**WORK REQUEST**
Retype exactly what appears below from the line containing "Представлена схема и" down to the line containing "Dnepr MT9 - Carburetor", keeping both end lines. Do not include pictures.

**INPUT DATA**
==============================
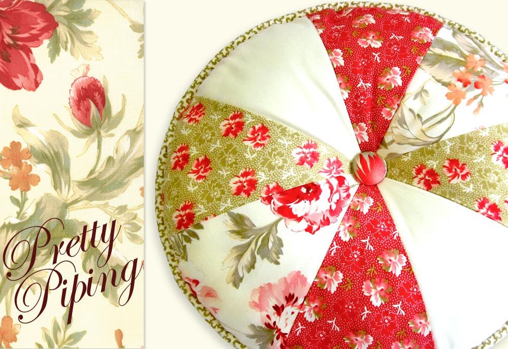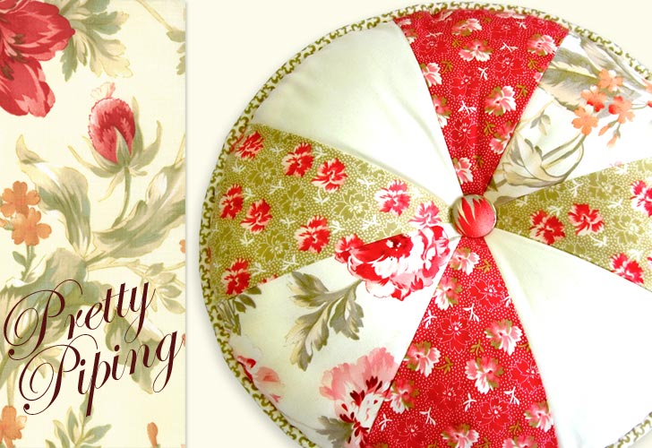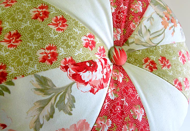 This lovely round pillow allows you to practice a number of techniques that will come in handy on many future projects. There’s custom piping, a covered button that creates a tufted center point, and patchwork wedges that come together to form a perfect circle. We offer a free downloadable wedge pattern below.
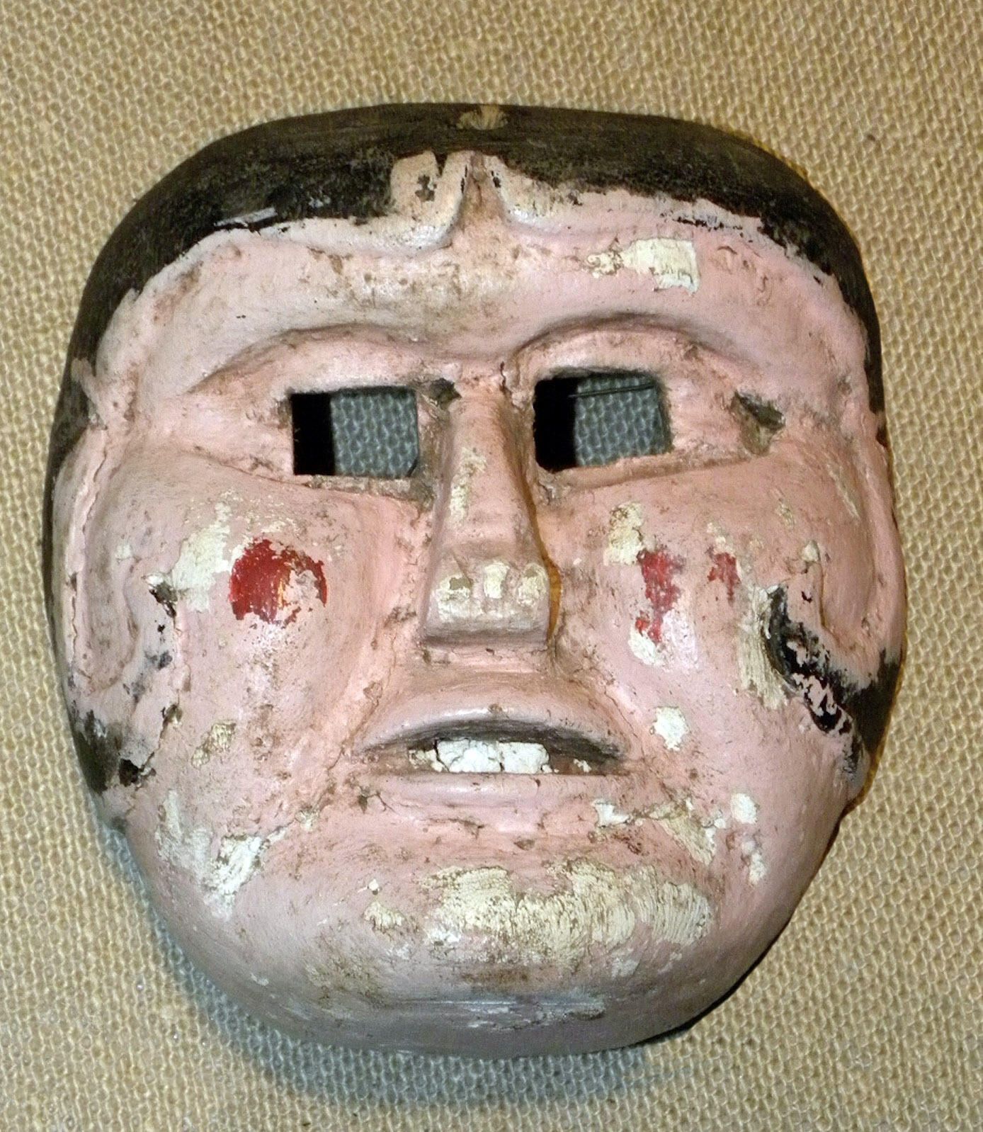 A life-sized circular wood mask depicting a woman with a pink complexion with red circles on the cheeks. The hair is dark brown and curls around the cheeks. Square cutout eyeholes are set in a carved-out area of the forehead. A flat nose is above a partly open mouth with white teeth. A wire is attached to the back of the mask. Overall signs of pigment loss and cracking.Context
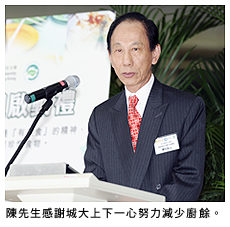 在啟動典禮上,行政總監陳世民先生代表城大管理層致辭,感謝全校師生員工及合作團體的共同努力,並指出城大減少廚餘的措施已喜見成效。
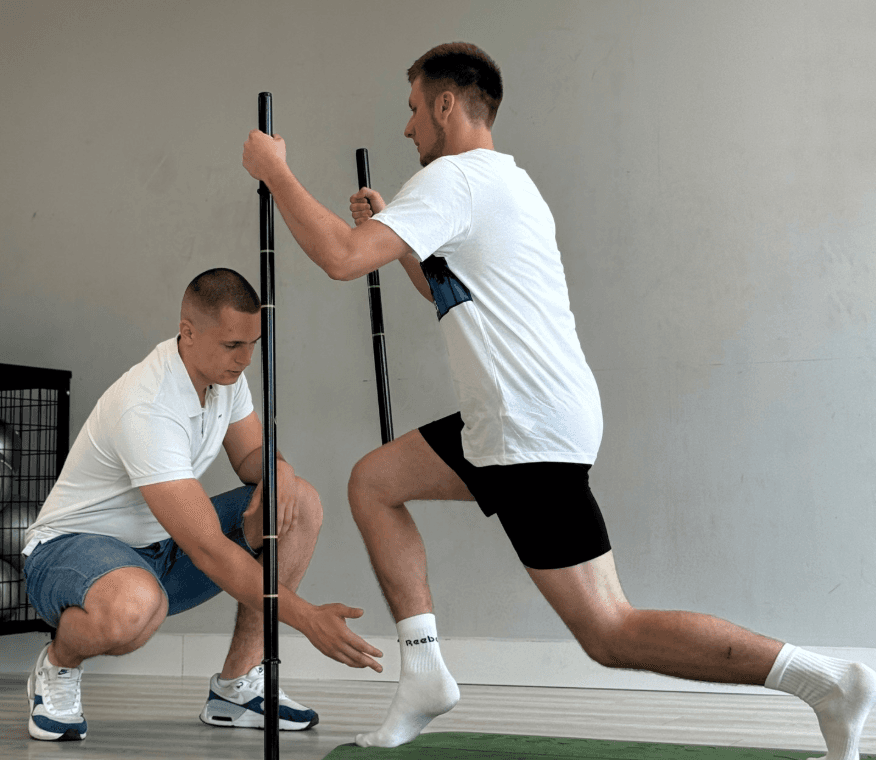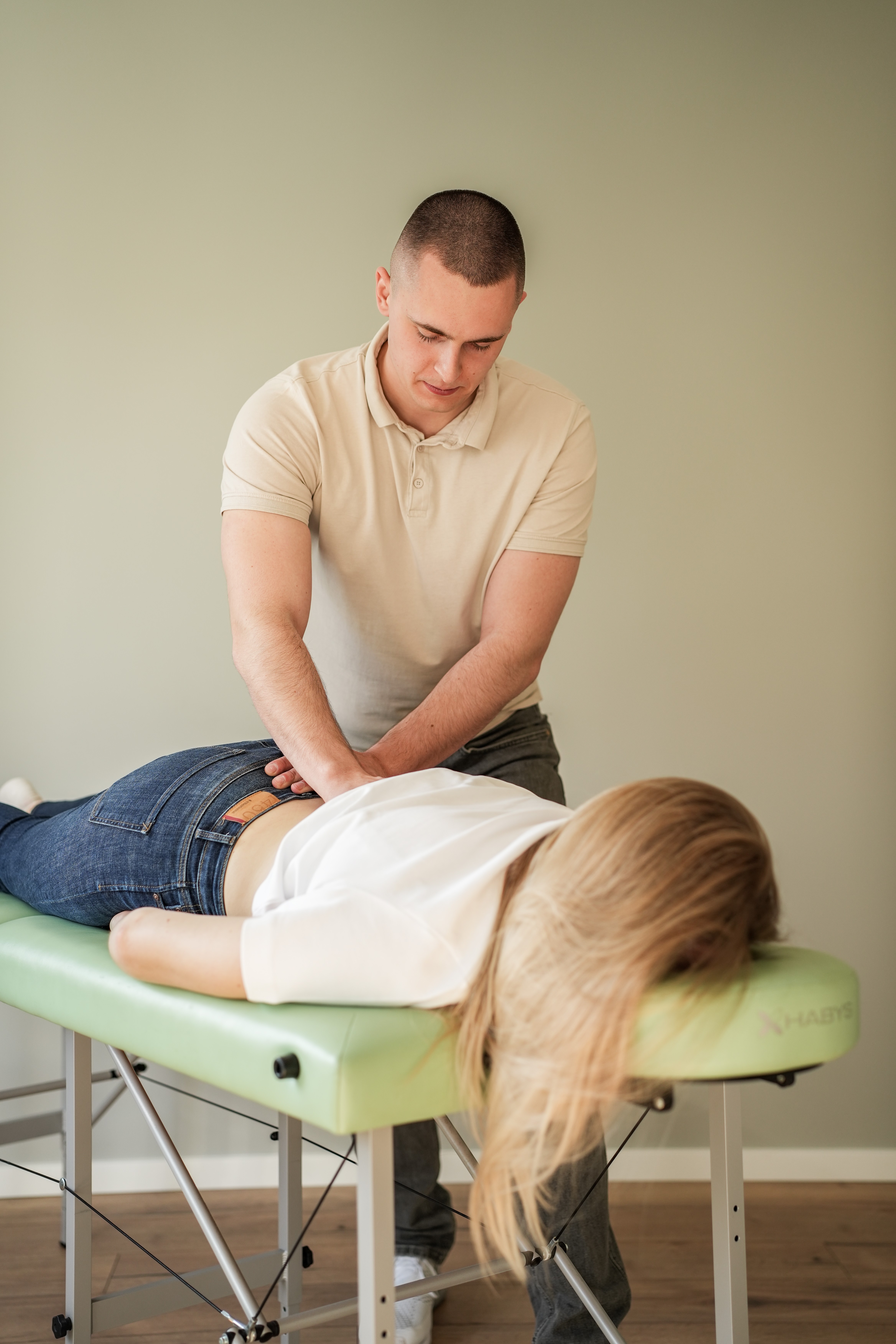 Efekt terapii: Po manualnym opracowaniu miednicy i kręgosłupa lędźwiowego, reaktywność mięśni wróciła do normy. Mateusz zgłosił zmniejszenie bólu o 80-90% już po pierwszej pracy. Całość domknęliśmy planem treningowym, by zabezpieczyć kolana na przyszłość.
==============================
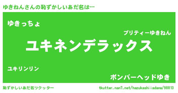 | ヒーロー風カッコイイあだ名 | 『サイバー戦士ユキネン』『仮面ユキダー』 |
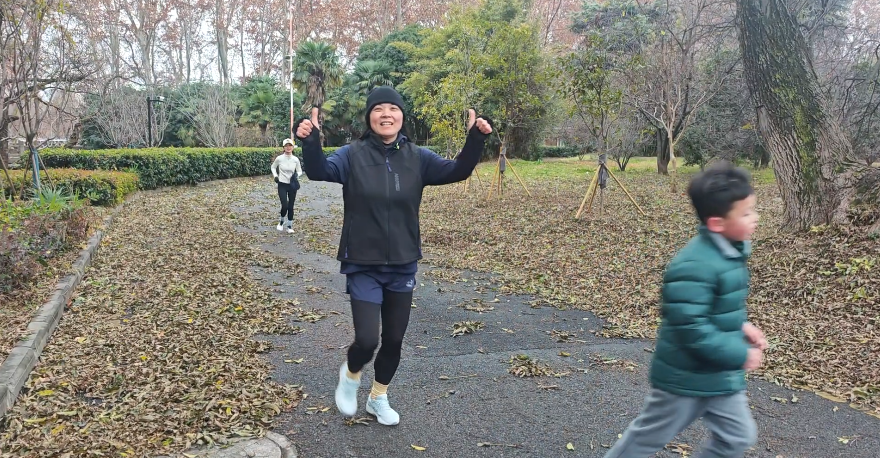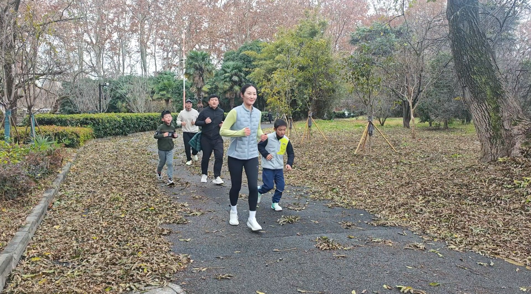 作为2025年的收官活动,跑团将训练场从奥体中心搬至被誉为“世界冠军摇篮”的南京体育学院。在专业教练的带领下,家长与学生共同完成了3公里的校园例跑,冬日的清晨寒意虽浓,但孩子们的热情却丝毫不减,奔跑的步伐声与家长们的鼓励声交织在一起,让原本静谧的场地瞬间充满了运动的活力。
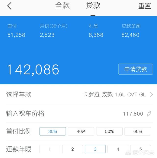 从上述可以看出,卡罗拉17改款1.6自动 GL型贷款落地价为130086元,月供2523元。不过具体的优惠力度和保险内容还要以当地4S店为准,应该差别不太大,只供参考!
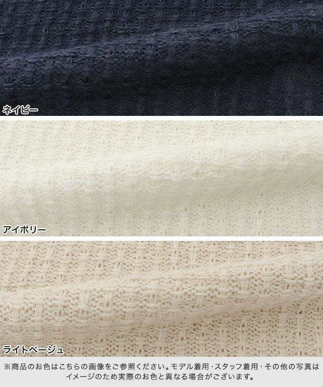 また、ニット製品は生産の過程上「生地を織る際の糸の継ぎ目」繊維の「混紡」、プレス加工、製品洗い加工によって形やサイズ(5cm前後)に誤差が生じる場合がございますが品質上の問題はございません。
==============================
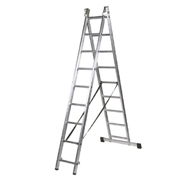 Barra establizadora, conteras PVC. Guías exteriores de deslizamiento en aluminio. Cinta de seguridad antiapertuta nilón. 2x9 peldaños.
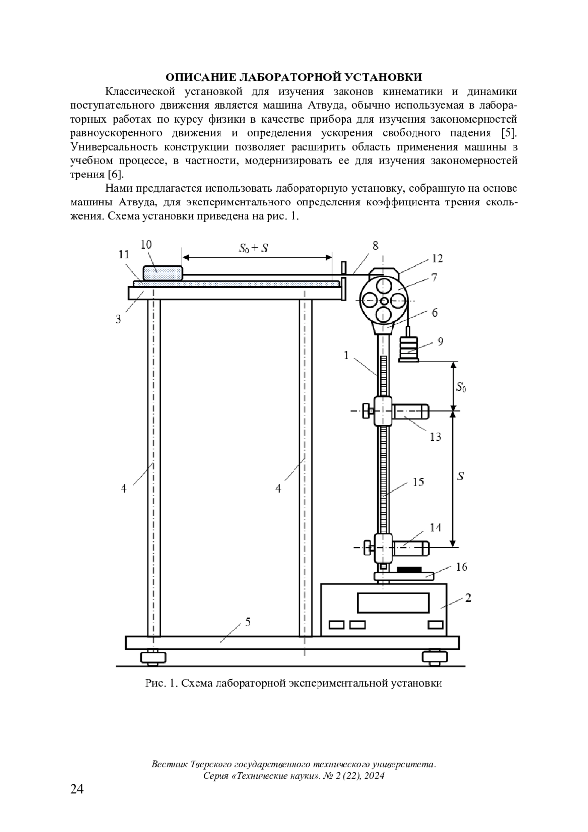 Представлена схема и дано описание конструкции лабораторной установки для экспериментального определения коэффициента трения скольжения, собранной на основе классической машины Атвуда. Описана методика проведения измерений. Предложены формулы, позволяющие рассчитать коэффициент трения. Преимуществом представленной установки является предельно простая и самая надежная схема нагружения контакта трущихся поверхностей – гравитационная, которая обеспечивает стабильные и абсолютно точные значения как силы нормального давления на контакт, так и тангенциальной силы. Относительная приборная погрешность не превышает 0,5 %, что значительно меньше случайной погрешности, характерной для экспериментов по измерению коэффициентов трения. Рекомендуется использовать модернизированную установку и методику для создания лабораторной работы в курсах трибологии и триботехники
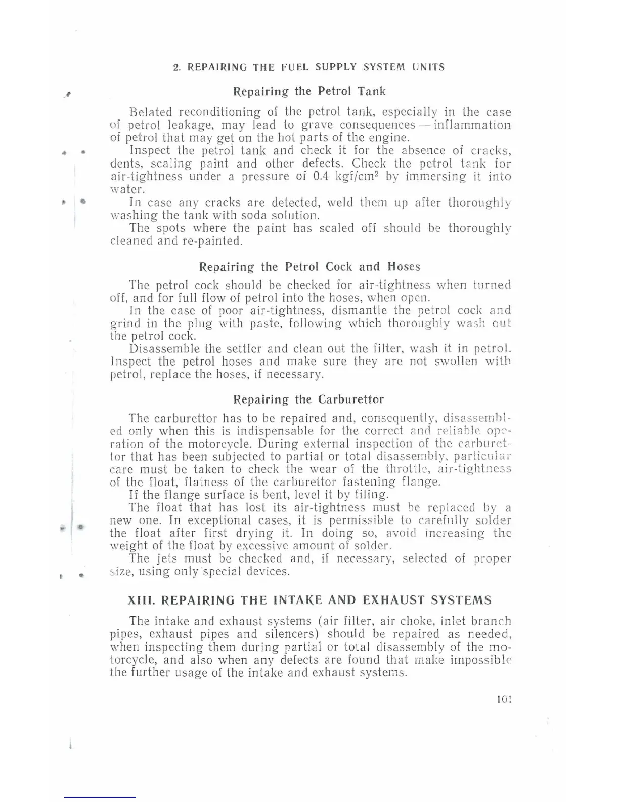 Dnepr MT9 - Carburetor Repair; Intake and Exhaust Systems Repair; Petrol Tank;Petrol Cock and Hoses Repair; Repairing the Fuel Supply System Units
==============================
**ANSWER SPACE**
 Представлена схема и дано описание конструкции лабораторной установки для экспериментального определения коэффициента трения скольжения, собранной на основе классической машины Атвуда. Описана методика проведения измерений. Предложены формулы, позволяющие рассчитать коэффициент трения. Преимуществом представленной установки является предельно простая и самая надежная схема нагружения контакта трущихся поверхностей – гравитационная, которая обеспечивает стабильные и абсолютно точные значения как силы нормального давления на контакт, так и тангенциальной силы. Относительная приборная погрешность не превышает 0,5 %, что значительно меньше случайной погрешности, характерной для экспериментов по измерению коэффициентов трения. Рекомендуется использовать модернизированную установку и методику для создания лабораторной работы в курсах трибологии и триботехники
 Dnepr MT9 - Carburetor Repair; Intake and Exhaust Systems Repair; Petrol Tank;Petrol Cock and Hoses Repair; Repairing the Fuel Supply System Units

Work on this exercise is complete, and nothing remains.